In a letter dated April 11 and released Tuesday by Town Administrator Bruce Keiser, J. J. Metcalf, commander of the USCG Civil Engineering Unit Providence, based in Warwick, wrote "we will not be permitting residential occupancy at Beavertail Lighthouse since this type of occupancy is not directly related to the maintenance of the property."

The commander said the decision was made as part of his unit's review of the usage of licensed lighthouses. He said "Under the license review process, the Coast Guard continues to address life and safety issues.
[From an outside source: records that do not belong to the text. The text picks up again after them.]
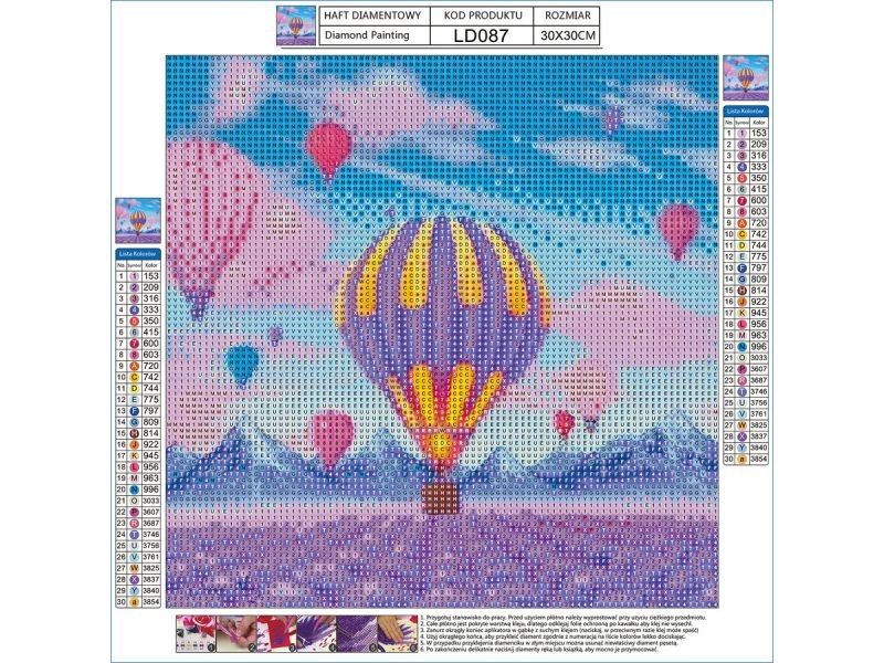 Oferowany zestaw zawiera wszystkie niezbędne elementy do wykonania gotowej układanki. Zabawa polega na tym aby odpowiednimi diamencikami wyłożyć ponumerowane płótno - tworząc w ten sposób dzieło sztuki - obraz.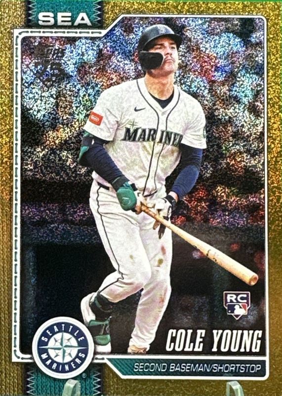 Cole Young's Baseball cards are available in at least 23 sets. Cole Young's biggest 7-day price movers are 2026 Topps #129 Rainbow Foil, 2026 Topps #129 Sandglitter, and 2026 Topps #129 Diamante Foil.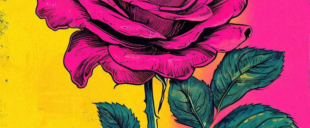 Vintage rose poster with neon acid tones and bold silhouettes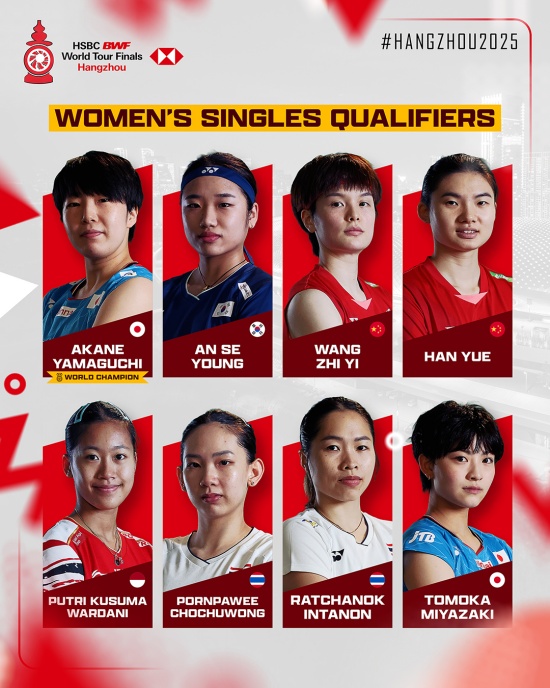세계 1위 안세영은 한국에서 유일하게 여자 단식 파이널에 진출했다. 세계선수권 우승자 야마구치 아카네(일본)를 비롯해 왕즈이, 한웨(이상 중국), 푸트리 쿠수마 와르다니(인도네시아), 폼파위총추웡, 랏차녹 인타논(이상 태국), 그리고 미야자키 도모카(일본)가 파이널에 진출해 안세영과 겨룬다.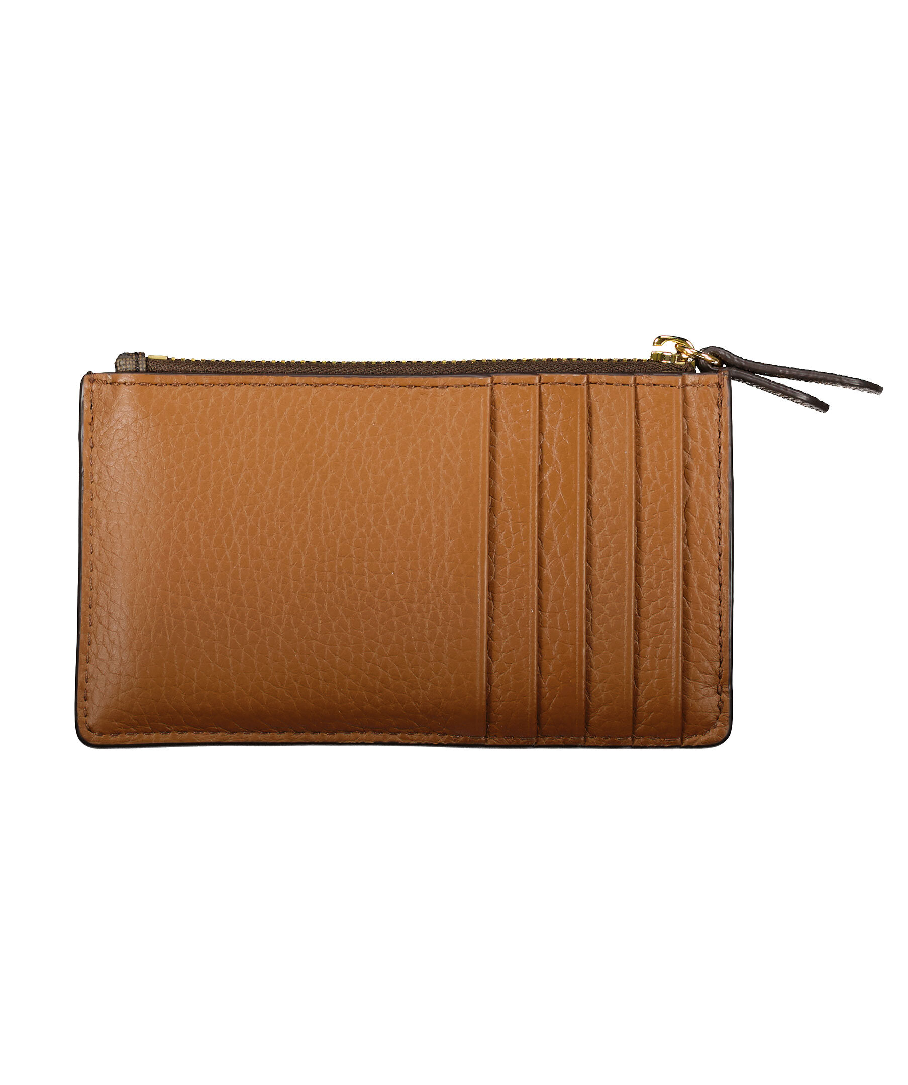 Brun plånbok i läder från Michael Kors. Logotyper i lädret. Stängs med dragkedja upptill och har fem fack för kontokort på baksidan och ett fack fram. På insidan finns en nyckelring som sitter fast i ett lädersnöre. Mått: 13,5 x 8 x 1 cm.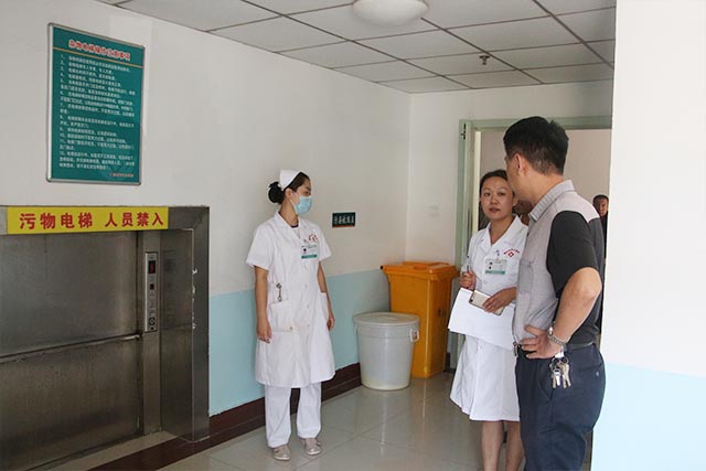 為進一步提高我院醫(yī)療廢物院內(nèi)意外泄露、失竊、擴散后防控方面的應急處置能力,確保醫(yī)療廢物院內(nèi)收集、運送過程的安全,2018年7月16日我院在腫瘤胸外科病區(qū)開展了醫(yī)療廢物應急處置預案演練,院感科制定預案并組織協(xié)調(diào)總務科、臨床科室、醫(yī)療廢物專職管理人員、醫(yī)療廢物收集人員、保潔管理負責人等二十余人參加本次演練。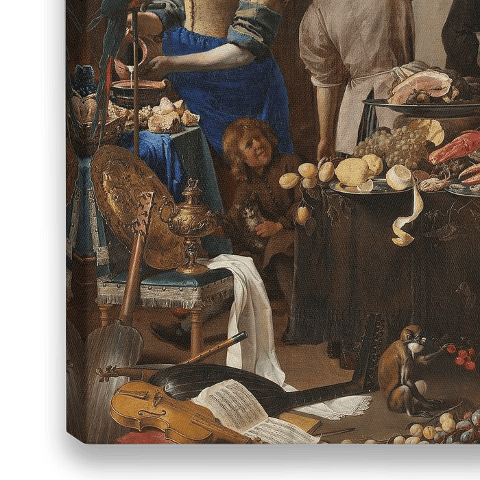 Mashup von mehreren berühmten klassischen Gemälden. Die Milchmagd von Vermeer, Fütterung des Papageis von Jan Steen und ein Stillleben von Melchior d'Hoendecoeter.

There is a need for shore facilities improvements at Beavertail and at other sites."

Metcalf continued, "Our goal under our licensing process is to work towards appropriate and safe usage of historic sites, while attempting to maintain a balance with the historic characteristics to which we are all so committed." The commander concluded, "We look forward to our continued partnership with the town of Jamestown and to fully executing the pending license for Beavertail Lighthouse."

George Warner, president of the Beavertail Lighthouse Museum Association (BLMA), said Tues- day that he "just received word" of the Coast Guard decision and wanted to review the decision with other association leaders before making a statement. The association has been working to expand its museum and related educational and historic preservation programs at the lighthouse, with indications that plans reflected a $500,000 project.

Controversy had arisen between some town leaders and some lighthouse advocates about the appropriateness of turning the caretaker's quarters over to a family with young children, as the town was planning to do.

The situation was further complicated by Richard Shutt, the lighthouse caretaker for several years, who fought to not be displaced from his quarters. Shutt eventually accepted a court settlement by quitting the premises March 31- about a year after he was scheduled to do so. The new family waited a year to move in and had not yet done so, Keiser reported Tuesday.

The town's renting of a part of the lighthouse complex as affordable housing has been an ongoing issue. Both BLMA and the joint town and state Beavertail Advisory Committee oppose use of the complex for affordable housing.

Keiser said several weeks ago that some federal officials reported they had no knowledge the town had been subletting part of the lighthouse complex for a caretaker with affordable housing status.

The lighthouse is on the National Register of Historic Places, and is considered especially significant because of its role in the American Revolution. Beavertail is one of about 300 lighthouses that the Coast Guard has been reviewing for decommissioning and making available, mainly to non-profit groups. The BLMA has been planning for five years for the preservation and use of Beavertail facilities. Final disposition of the light station involves input by several federal agencies, as well as the Coast Guard.